Data extracted from a collection:
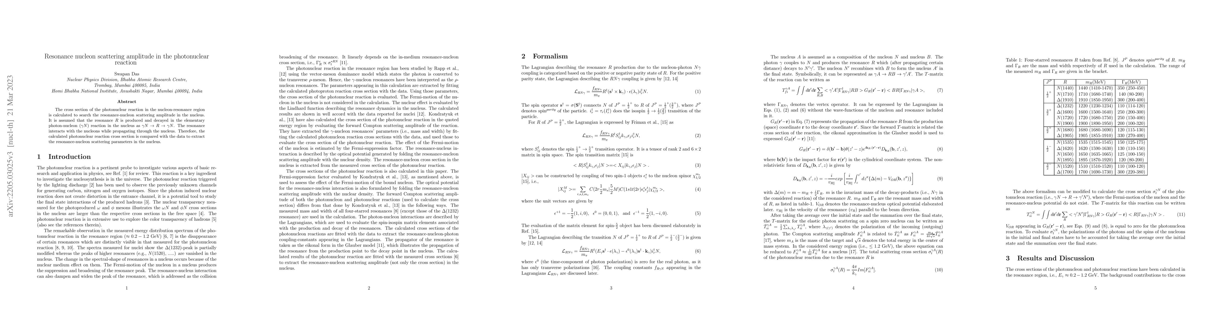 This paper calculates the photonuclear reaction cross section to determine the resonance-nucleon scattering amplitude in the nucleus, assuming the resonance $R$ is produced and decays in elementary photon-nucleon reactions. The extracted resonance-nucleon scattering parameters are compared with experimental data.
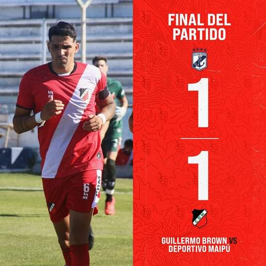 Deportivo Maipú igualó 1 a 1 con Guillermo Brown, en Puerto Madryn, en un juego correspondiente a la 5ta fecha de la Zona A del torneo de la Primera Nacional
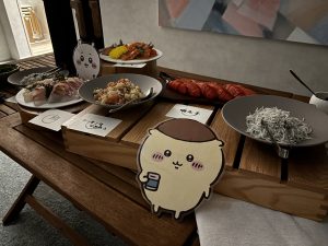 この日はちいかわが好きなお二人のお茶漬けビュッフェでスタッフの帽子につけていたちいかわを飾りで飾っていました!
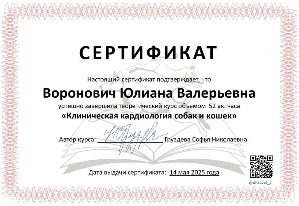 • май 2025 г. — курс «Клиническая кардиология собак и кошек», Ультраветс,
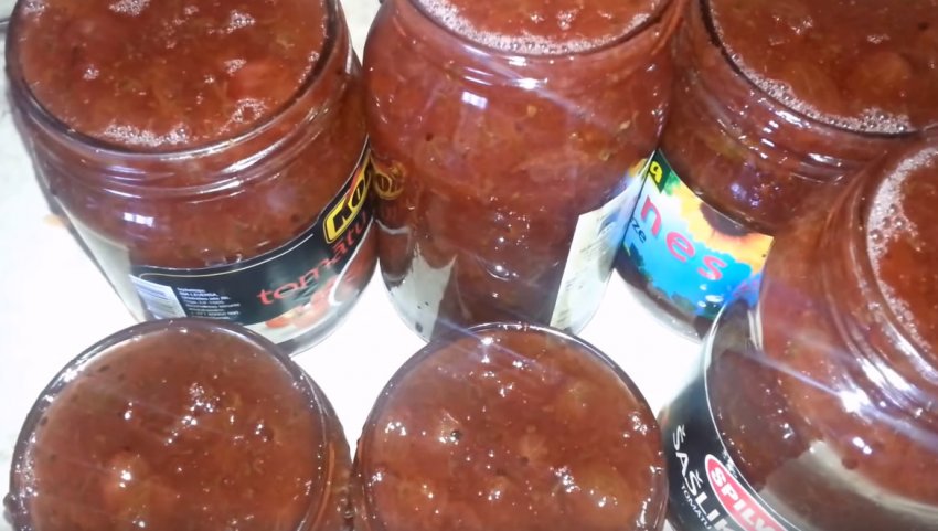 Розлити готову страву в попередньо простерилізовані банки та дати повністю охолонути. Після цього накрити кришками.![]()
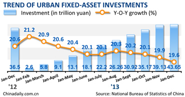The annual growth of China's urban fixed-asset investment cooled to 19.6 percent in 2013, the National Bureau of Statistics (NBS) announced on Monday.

ASSIGNED TASK
The answer must be an exact copy of the lines from the one containing "май 2025 г." through the last line of the records, and nothing else. Pictures do not belong in it.

WRITTEN SOLUTION
 • май 2025 г. — курс «Клиническая кардиология собак и кошек», Ультраветс,
 Розлити готову страву в попередньо простерилізовані банки та дати повністю охолонути. Після цього накрити кришками.![]()
The annual growth of China's urban fixed-asset investment cooled to 19.6 percent in 2013, the National Bureau of Statistics (NBS) announced on Monday.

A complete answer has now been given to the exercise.